» Your assignment: Look in the listing below for the line that has "Die atlantische Bezeichnung", then return it and each following line up to and including the one with "Набор спортивных резинок", exactly and without pictures.

---

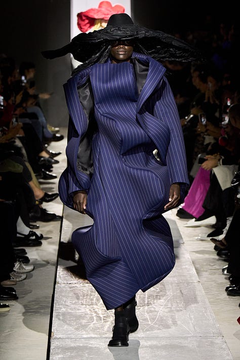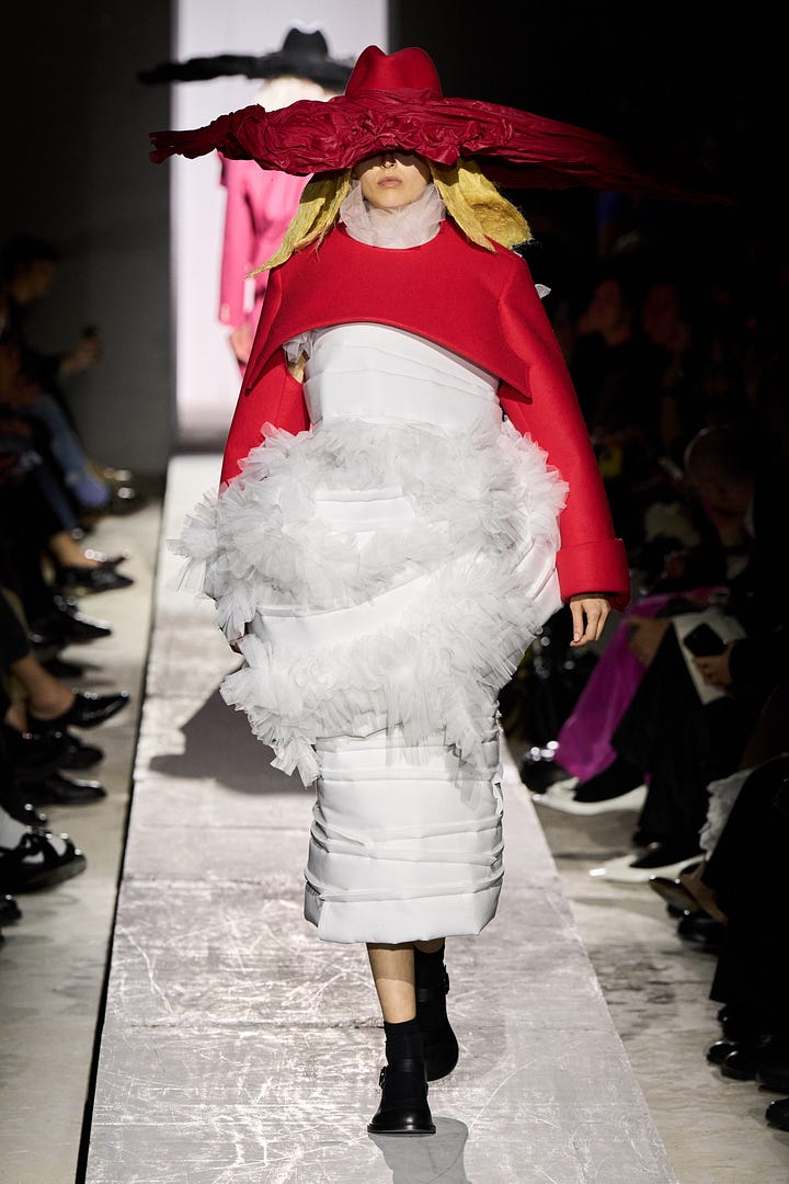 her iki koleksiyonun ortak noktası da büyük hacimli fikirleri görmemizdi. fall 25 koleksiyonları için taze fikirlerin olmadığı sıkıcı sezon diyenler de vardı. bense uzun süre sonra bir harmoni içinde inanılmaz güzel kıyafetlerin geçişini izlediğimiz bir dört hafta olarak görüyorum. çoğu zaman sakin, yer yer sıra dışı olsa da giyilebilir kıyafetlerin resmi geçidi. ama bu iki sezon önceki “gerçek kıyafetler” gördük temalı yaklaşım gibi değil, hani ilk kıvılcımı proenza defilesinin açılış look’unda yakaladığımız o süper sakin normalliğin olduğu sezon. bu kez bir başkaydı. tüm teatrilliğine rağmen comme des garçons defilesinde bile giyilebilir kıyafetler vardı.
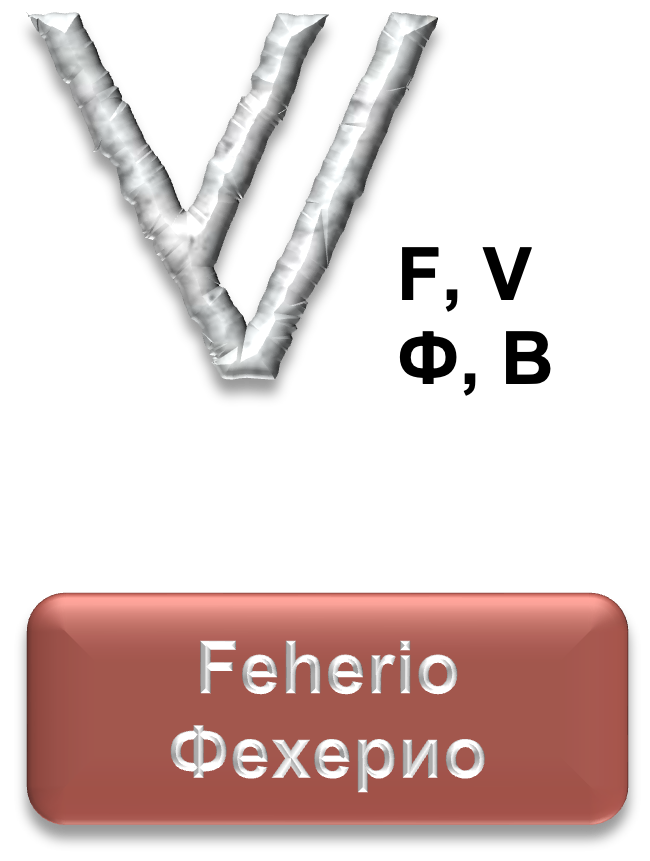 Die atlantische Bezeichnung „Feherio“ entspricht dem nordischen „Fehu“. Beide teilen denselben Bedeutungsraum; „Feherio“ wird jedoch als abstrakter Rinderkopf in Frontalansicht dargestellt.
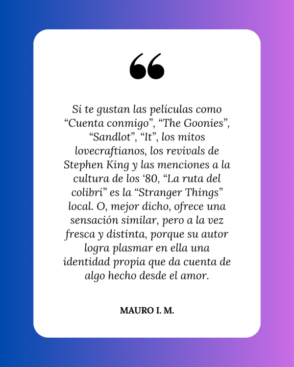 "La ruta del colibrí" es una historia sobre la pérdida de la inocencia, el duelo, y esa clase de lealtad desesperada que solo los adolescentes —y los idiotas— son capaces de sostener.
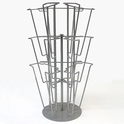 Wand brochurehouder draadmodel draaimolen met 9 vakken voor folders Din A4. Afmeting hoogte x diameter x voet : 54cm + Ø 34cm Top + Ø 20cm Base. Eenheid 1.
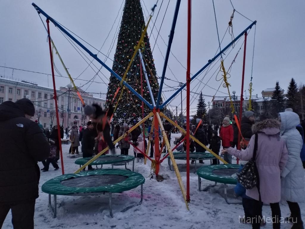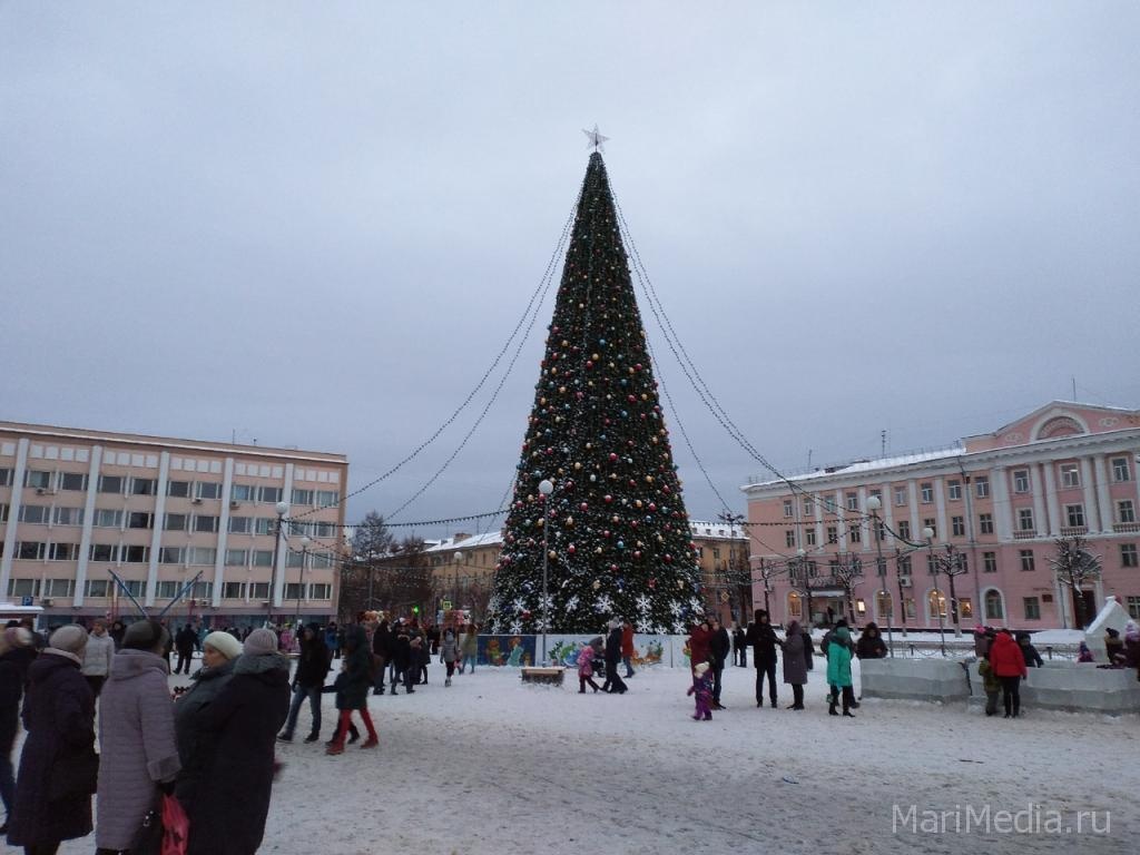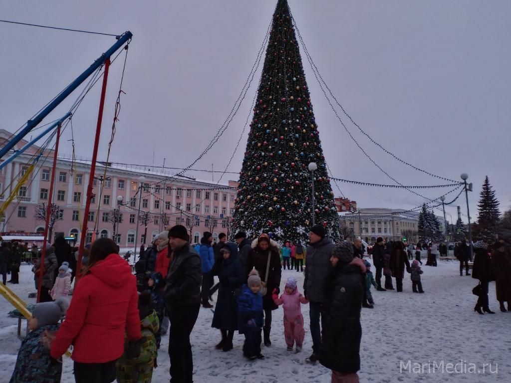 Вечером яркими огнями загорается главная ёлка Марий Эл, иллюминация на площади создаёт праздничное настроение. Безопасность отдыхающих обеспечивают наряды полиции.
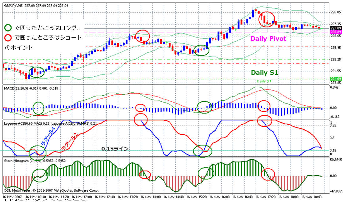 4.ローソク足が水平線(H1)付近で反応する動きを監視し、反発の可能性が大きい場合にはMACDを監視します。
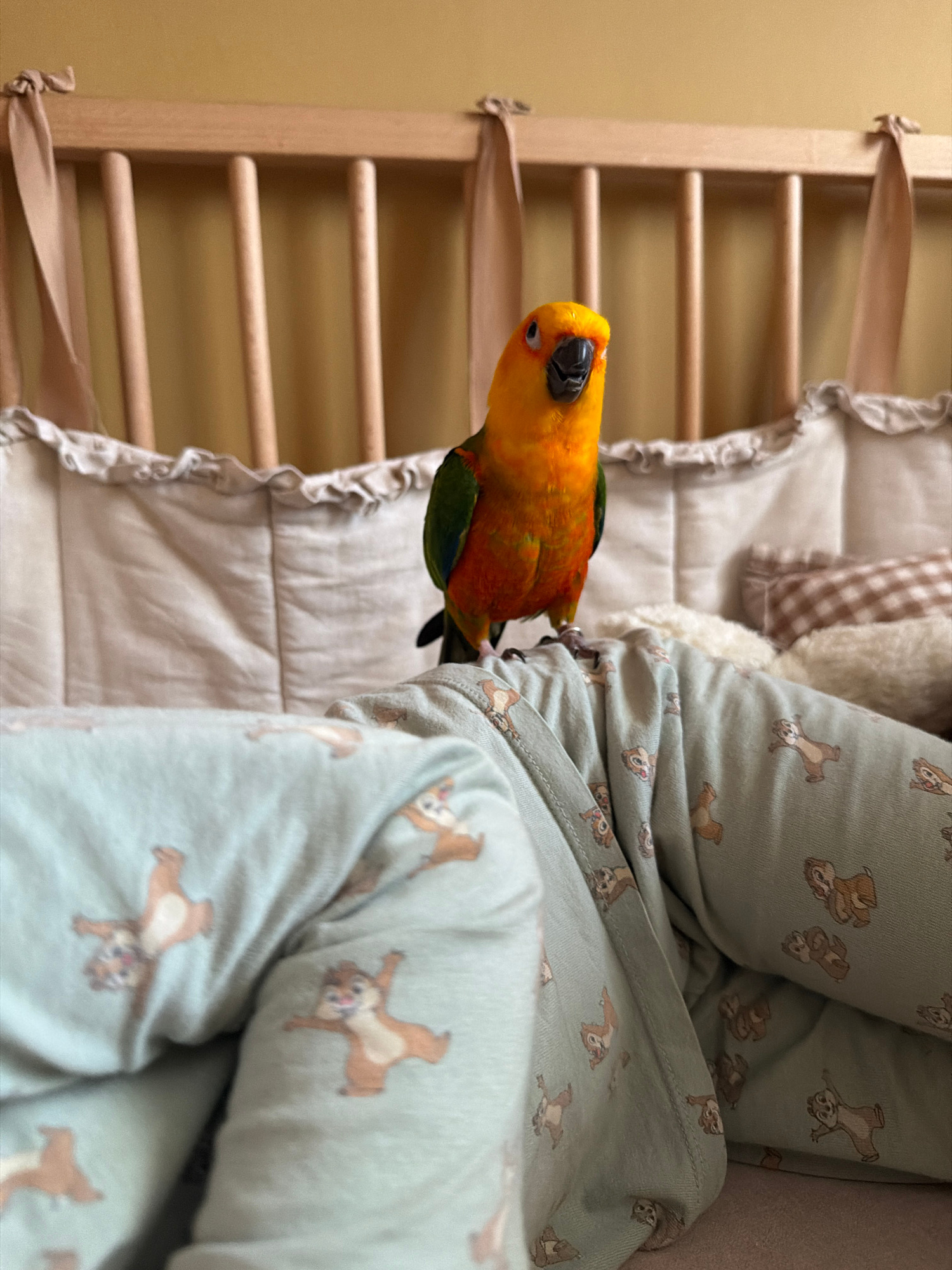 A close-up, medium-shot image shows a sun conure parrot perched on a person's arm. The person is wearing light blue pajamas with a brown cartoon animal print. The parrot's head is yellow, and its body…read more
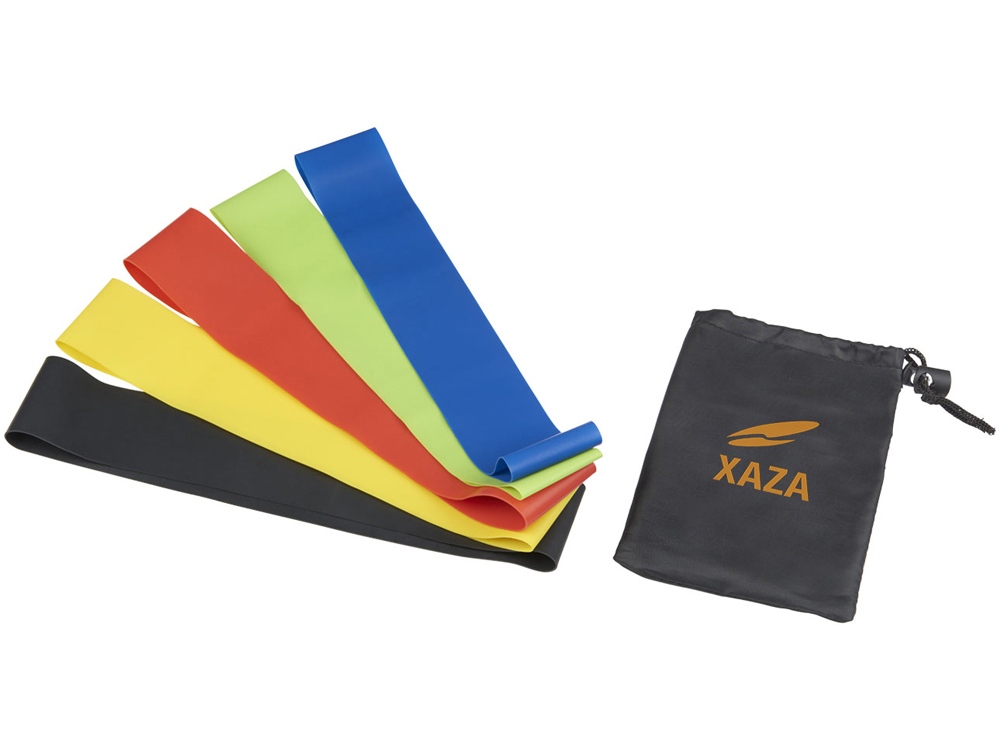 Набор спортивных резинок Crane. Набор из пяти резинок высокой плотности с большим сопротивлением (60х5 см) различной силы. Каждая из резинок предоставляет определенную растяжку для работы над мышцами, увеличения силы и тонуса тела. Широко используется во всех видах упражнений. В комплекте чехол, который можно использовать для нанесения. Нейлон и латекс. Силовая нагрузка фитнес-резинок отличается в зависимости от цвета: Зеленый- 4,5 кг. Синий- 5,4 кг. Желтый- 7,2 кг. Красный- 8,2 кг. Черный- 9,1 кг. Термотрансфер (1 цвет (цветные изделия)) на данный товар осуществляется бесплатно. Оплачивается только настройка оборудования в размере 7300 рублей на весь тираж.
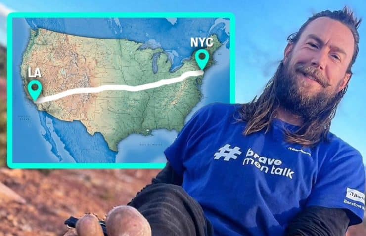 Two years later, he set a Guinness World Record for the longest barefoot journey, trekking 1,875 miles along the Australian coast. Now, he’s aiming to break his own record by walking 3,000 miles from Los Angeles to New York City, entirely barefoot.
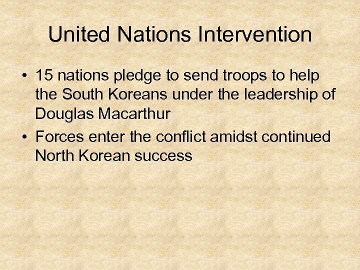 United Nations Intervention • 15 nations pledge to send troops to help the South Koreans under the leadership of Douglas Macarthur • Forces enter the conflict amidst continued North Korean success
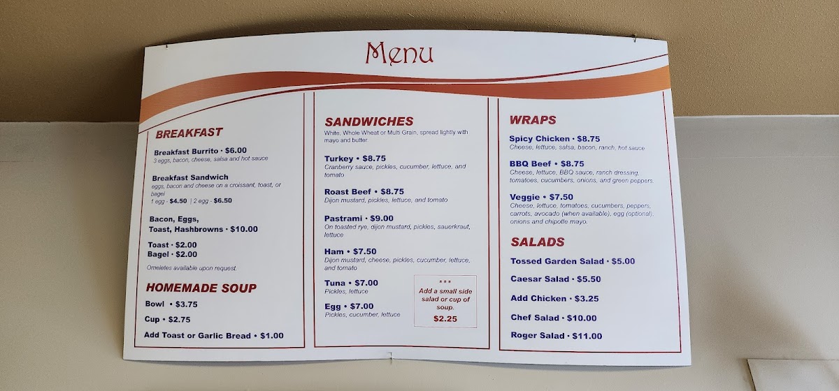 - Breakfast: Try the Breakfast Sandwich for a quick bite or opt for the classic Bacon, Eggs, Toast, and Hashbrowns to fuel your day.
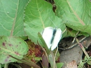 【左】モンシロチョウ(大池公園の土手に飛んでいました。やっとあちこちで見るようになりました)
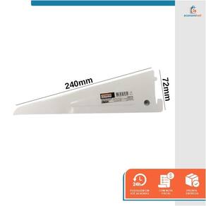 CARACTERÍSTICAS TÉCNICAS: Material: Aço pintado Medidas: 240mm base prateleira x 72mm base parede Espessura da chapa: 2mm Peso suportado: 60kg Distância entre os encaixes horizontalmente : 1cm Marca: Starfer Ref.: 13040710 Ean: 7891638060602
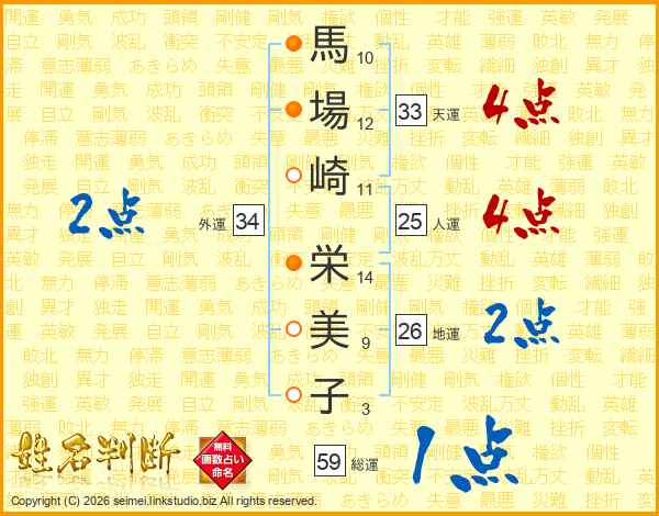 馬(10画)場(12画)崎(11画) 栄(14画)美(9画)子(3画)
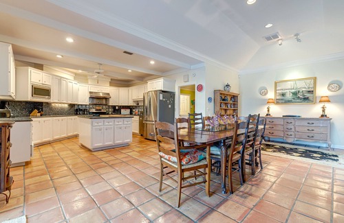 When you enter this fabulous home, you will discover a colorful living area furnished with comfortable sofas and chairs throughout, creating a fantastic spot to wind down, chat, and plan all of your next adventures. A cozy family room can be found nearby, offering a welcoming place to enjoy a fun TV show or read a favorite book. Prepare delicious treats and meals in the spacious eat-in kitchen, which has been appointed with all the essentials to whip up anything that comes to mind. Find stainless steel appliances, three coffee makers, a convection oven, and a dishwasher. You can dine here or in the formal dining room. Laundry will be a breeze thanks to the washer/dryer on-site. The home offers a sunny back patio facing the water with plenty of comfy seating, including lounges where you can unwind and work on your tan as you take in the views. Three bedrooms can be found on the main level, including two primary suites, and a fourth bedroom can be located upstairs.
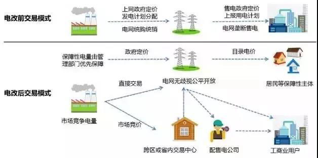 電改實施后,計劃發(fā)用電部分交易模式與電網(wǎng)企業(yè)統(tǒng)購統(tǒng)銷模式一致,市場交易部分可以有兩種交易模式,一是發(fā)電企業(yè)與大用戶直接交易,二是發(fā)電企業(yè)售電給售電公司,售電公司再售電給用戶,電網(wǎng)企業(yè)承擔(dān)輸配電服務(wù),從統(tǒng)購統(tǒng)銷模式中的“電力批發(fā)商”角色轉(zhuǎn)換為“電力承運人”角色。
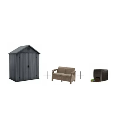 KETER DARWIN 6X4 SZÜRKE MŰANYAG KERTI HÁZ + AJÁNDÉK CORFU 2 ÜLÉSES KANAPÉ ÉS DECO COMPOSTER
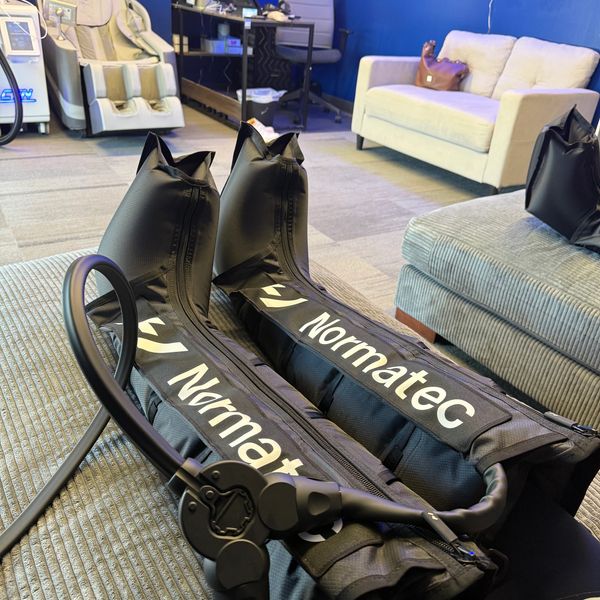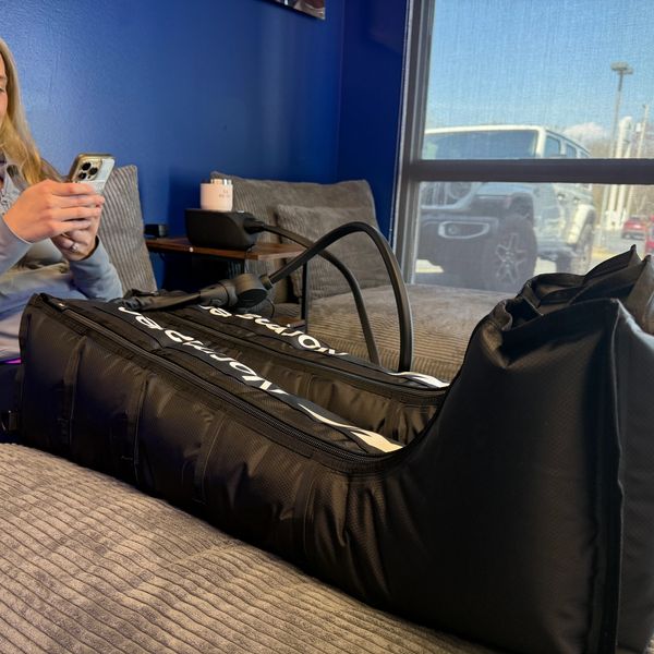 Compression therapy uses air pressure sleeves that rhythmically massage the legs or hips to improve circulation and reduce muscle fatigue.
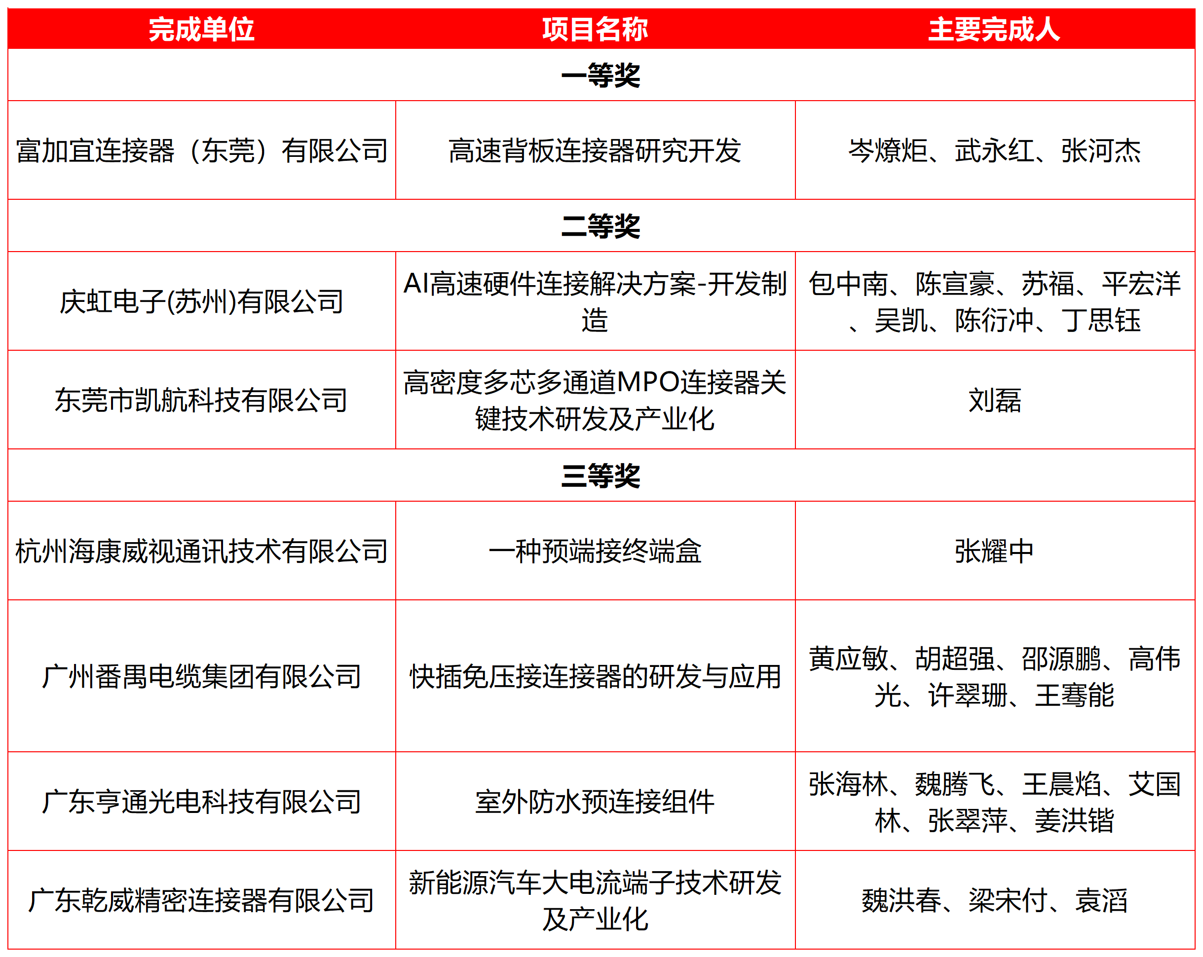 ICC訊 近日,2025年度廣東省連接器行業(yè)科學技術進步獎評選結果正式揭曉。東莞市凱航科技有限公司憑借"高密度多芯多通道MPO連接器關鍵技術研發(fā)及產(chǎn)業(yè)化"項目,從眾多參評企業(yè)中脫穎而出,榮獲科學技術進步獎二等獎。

---

» Task result:
 Die atlantische Bezeichnung „Feherio“ entspricht dem nordischen „Fehu“. Beide teilen denselben Bedeutungsraum; „Feherio“ wird jedoch als abstrakter Rinderkopf in Frontalansicht dargestellt.
 "La ruta del colibrí" es una historia sobre la pérdida de la inocencia, el duelo, y esa clase de lealtad desesperada que solo los adolescentes —y los idiotas— son capaces de sostener.
 Wand brochurehouder draadmodel draaimolen met 9 vakken voor folders Din A4. Afmeting hoogte x diameter x voet : 54cm + Ø 34cm Top + Ø 20cm Base. Eenheid 1.
 Вечером яркими огнями загорается главная ёлка Марий Эл, иллюминация на площади создаёт праздничное настроение. Безопасность отдыхающих обеспечивают наряды полиции.
 4.ローソク足が水平線(H1)付近で反応する動きを監視し、反発の可能性が大きい場合にはMACDを監視します。
 A close-up, medium-shot image shows a sun conure parrot perched on a person's arm. The person is wearing light blue pajamas with a brown cartoon animal print. The parrot's head is yellow, and its body…read more
 Набор спортивных резинок Crane. Набор из пяти резинок высокой плотности с большим сопротивлением (60х5 см) различной силы. Каждая из резинок предоставляет определенную растяжку для работы над мышцами, увеличения силы и тонуса тела. Широко используется во всех видах упражнений. В комплекте чехол, который можно использовать для нанесения. Нейлон и латекс. Силовая нагрузка фитнес-резинок отличается в зависимости от цвета: Зеленый- 4,5 кг. Синий- 5,4 кг. Желтый- 7,2 кг. Красный- 8,2 кг. Черный- 9,1 кг. Термотрансфер (1 цвет (цветные изделия)) на данный товар осуществляется бесплатно. Оплачивается только настройка оборудования в размере 7300 рублей на весь тираж.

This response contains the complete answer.